In other words: chaos isn’t the enemy, weak structures are.
That’s where our theme Collective comes into full focus. Across industries, borders, and domains, the ability to think, decide, and act collectively determines whether organizations merely survive volatility or transform it into its long-term strength.
At QED, Taleb’s perspective will frame conversations on:
- how collective intelligence filters value out of informational chaos
- why antifragile systems outperform “safe” systems in unpredictable conditions
- the relationship between human judgment and AI-generated ideas
- how Europe can build cohesion in a moment defined by fragmentation and rapid change
Surrounding his keynote, this year’s program will explore the broader landscape of BizTech resilience: how to prepare for the next unavoidable hype cycle, how to transform legacy data into AI-ready assets, and how quantum-era security will reshape organizational strategy.
Across disciplines, the lens remains the same – what we can achieve together that we cannot achieve alone.

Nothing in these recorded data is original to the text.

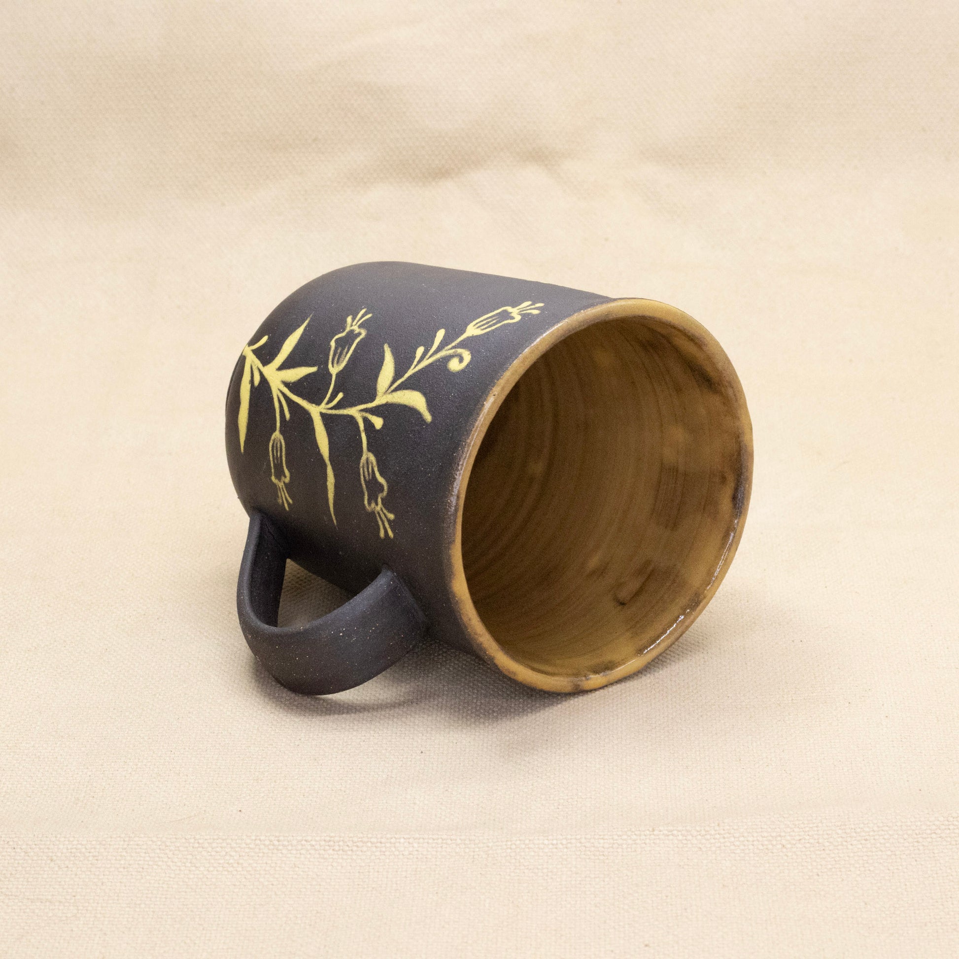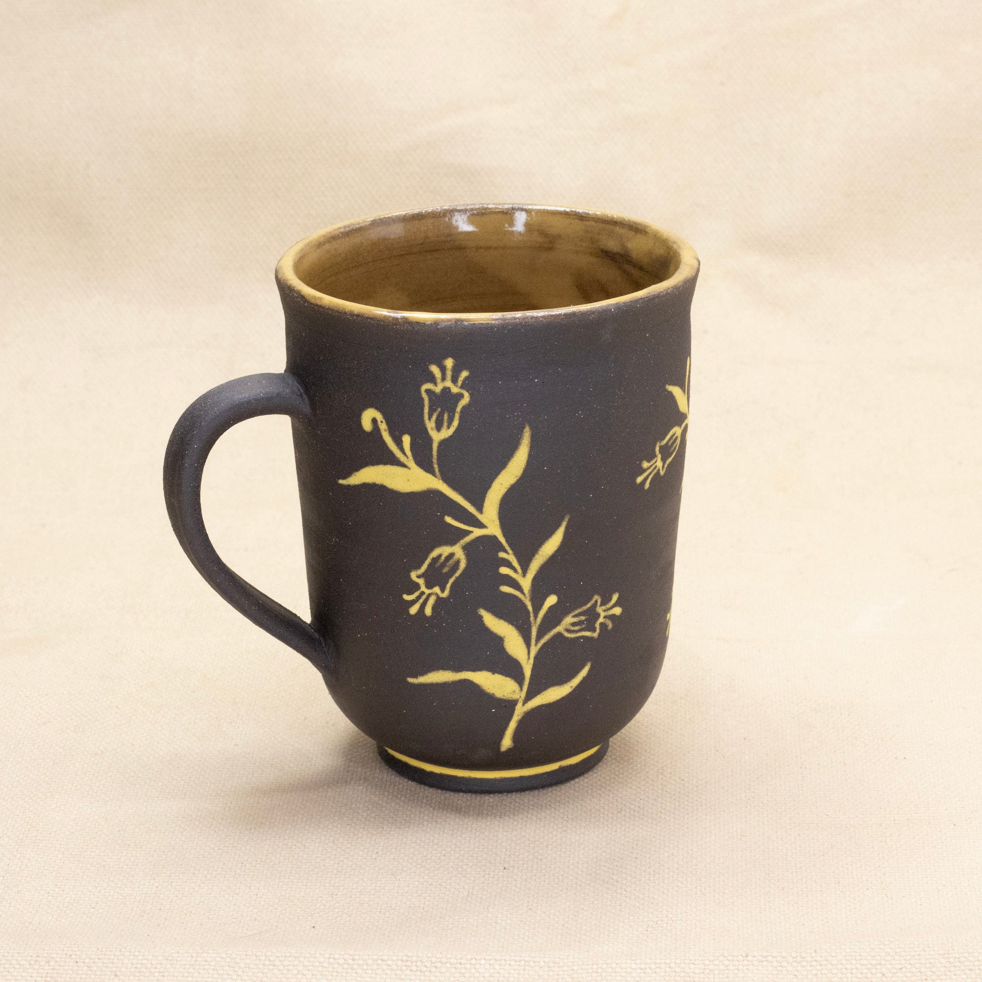 Carefully handpainted with underglaze. Microwave and dishwasher safe. Holds 16 oz.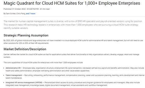 Alright folks, let’s dive into the Gartner HCM Magic Quadrant 2021 report. This is a big deal in the world of Human Capital Management (HCM) software, giving us a snapshot of who’s who and where they stand. For anyone trying to navigate the complex landscape of HR technology, understanding this report is crucial. It’s like a roadmap, helping businesses figure out which vendors are leading the pack and which are the ones to watch. We’ll be breaking down what it means to be a Leader, a Challenger, a Visionary, or a Niche Player, and how these distinctions can impact your organization’s strategic decisions when it comes to selecting an HCM solution. So grab your coffee, get comfy, and let’s unpack this essential piece of HR tech intelligence together. We’re going to explore the core criteria Gartner uses for their evaluation, giving you a clearer picture of the strengths and weaknesses of various HCM providers. This isn’t just about rankings; it’s about understanding the capabilities that truly matter for modern businesses looking to manage their most valuable asset: their people.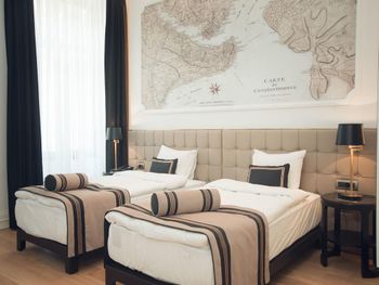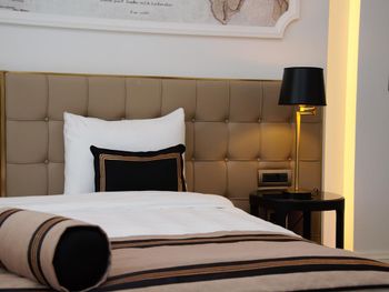 Нам дали стандартный номер вместо оплаченного заранее улучшенного!!! Кровать удобная, но подушки просто ужасные! Очень высокие,спишь полусидя,просыпаешься с больной шеей,после одной такой ночи я спала вообще без подушки,тк поменять было не на что,все такие у них! Еще огромный минус -ужасно воняло конвлизацией в ванной ! Просто ужасно,тухлятиной какой-то! Было противно заходить туда,при том что сама ванная комната чистая и номер тоже,но запах ужасный! Поменять номер не смогли и прочистить тоже! Больше не вернусь в этот отель именно из-за этих двух существенных минусов!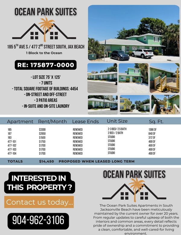 The Ocean Park Suites Apartments in South Jacksonville Beach have been meticulously maintained by the current owner for over 20 years. From regular updates to careful upkeep of both the interior and common areas, every detail reflects pride of ownership and a commitment to maintaining a beautiful rental option for tenants in Jacksonville Beach! Interested? Let's set up a time for you to have a private showing.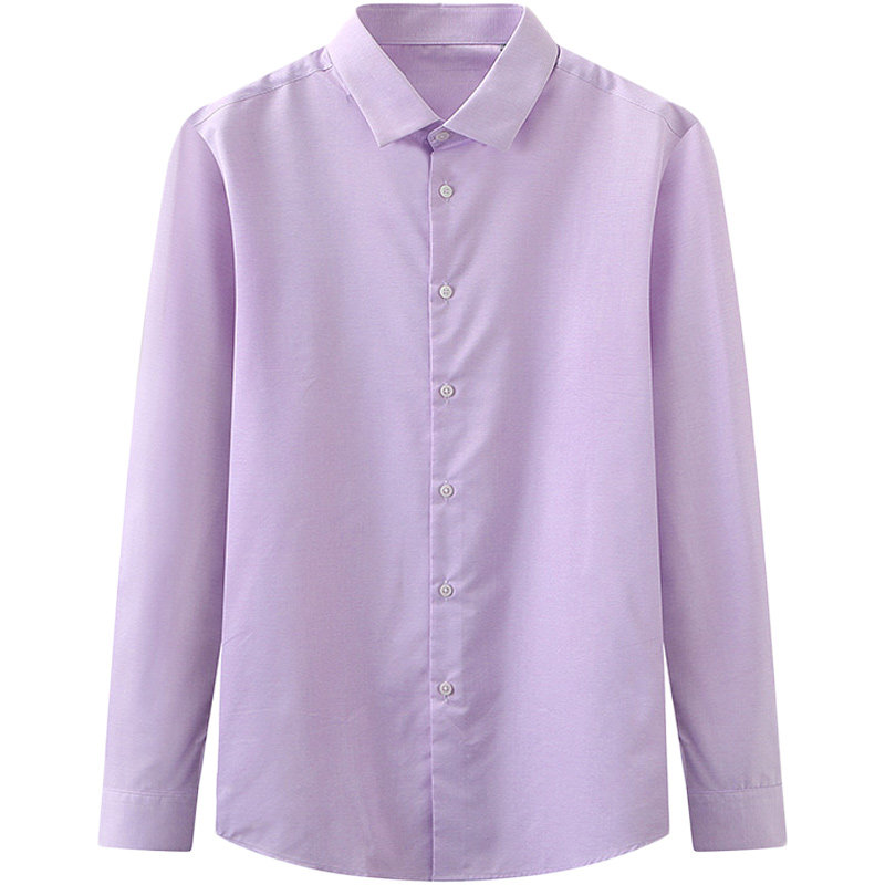 外贸大牌正品撤标尾货清仓男装上衣秋季纯色商务正装长袖衬衫浅紫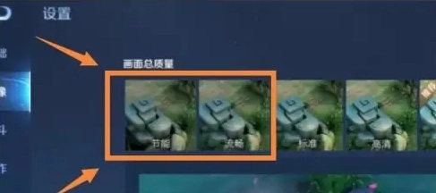 3.在此处把【帧率】显示选项调整为节能模式,接着在下方将【画面总质量】设置为标准档位,完成这样的配置后,能够显著改善苹果13手机运行王者荣耀时出现的卡顿状况。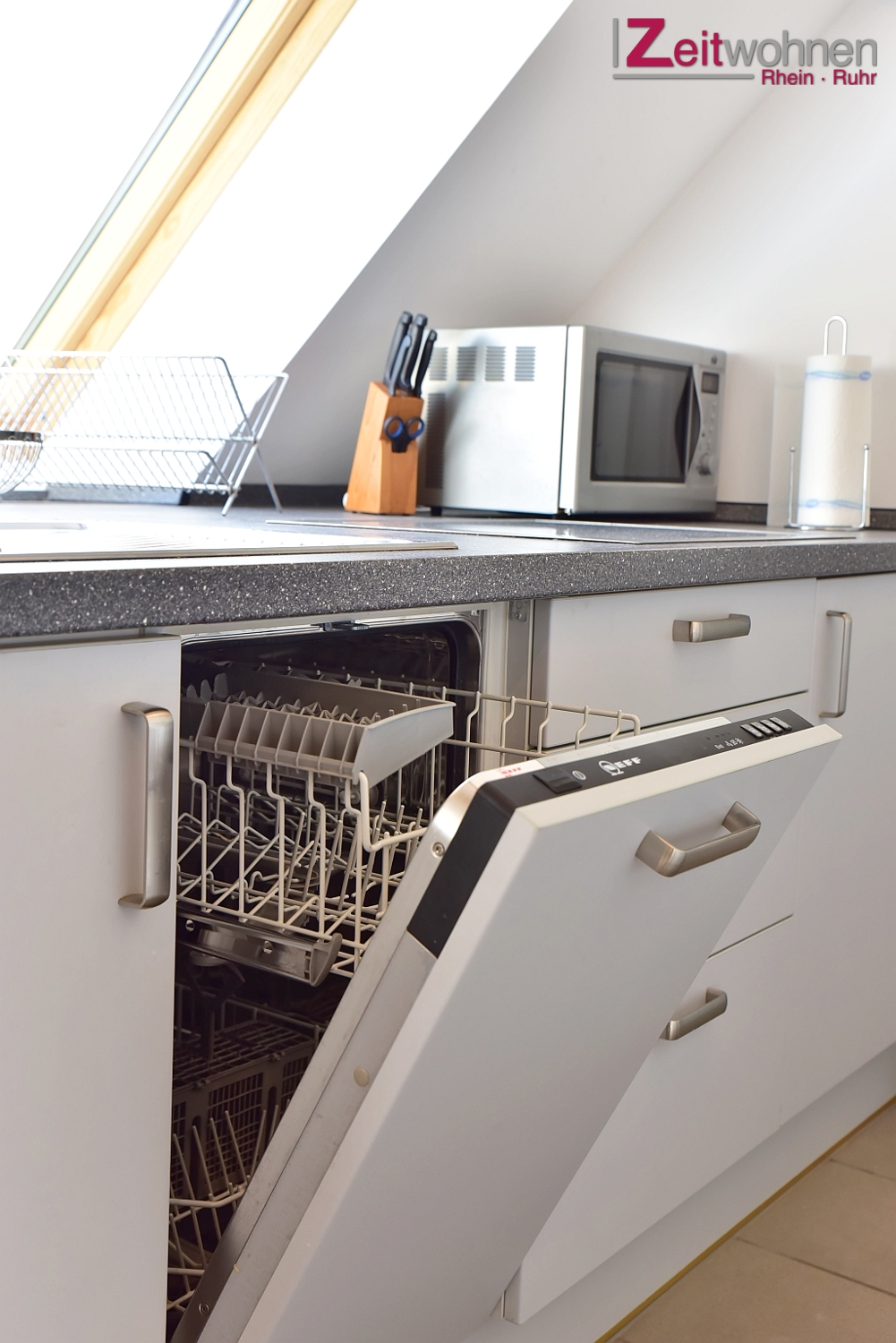 zeitlose Möblierung, großzügige Dachliegefenster, hochwertige Klimaanlage, Böden Laminat und Fliesen, voll ausgestattete integrierte Einbauküche mit Spülmaschine, Mikrowelle/Grill, Cerankochfeld, Badezimmer mit Dusche, 40“ Smart-TV DVB-T2/WLAN, DVD-/Stereo-Anlage, Klimaanlage, WLAN-Internetzugang (Glasfaser) gg. gesonderte Vereinbarung, Waschmaschine und Trockner in Waschküche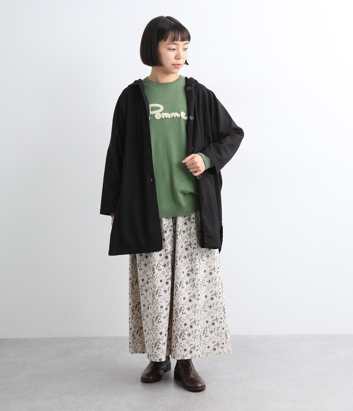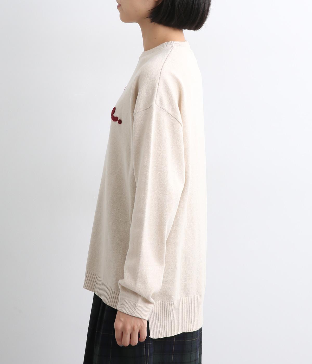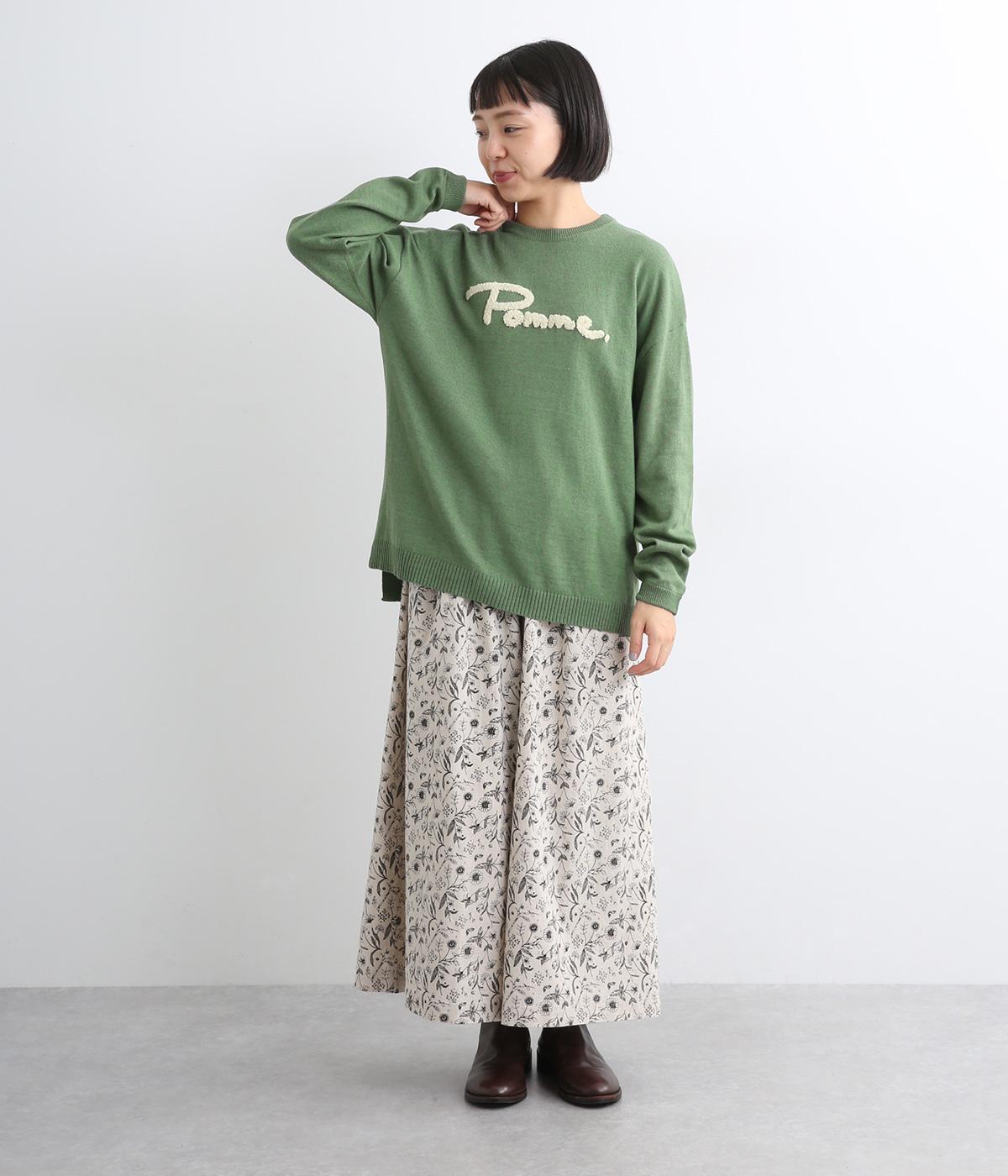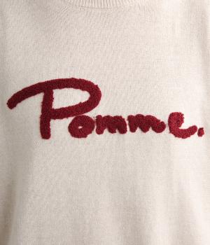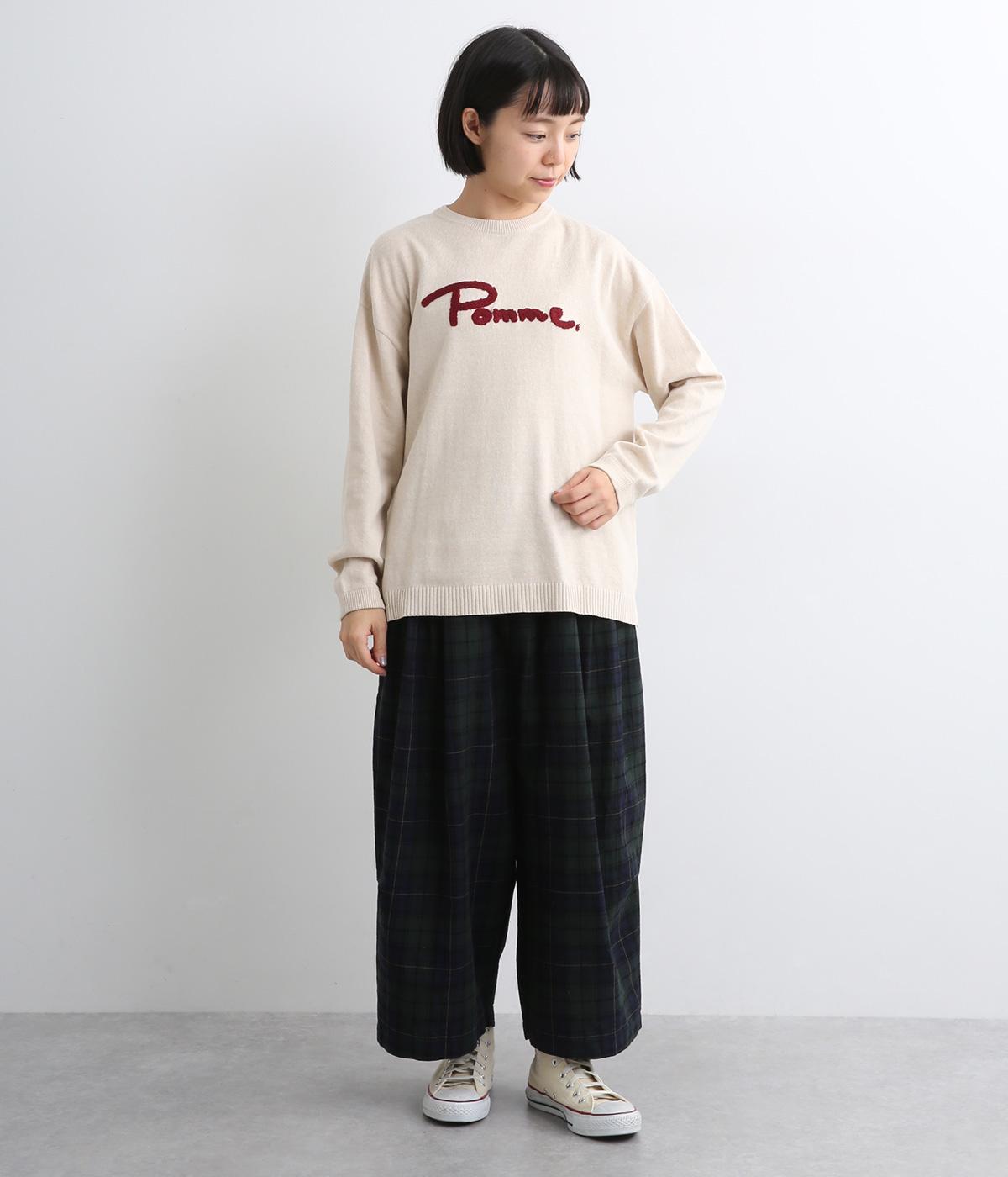 もこもこした立体感の刺しゅうが目をひくクルーネックプルオーバーです。モチーフのPommeはフランス語でリンゴを意味します。カジュアルな雰囲気に、裾のスリットやドロップショルダーで女性らしさをプラスしました。

QED has always been a space for honest conversation, unconventional thinking, and the kind of dialogue that doesn’t fit neatly into slides. With Taleb joining us, 2026 promises to push those conversations even further.
QED 2026 will be a chance to look at uncertainty not as a threat, but as raw material: something that can be shaped, strengthened, and even leveraged when we approach it collectively.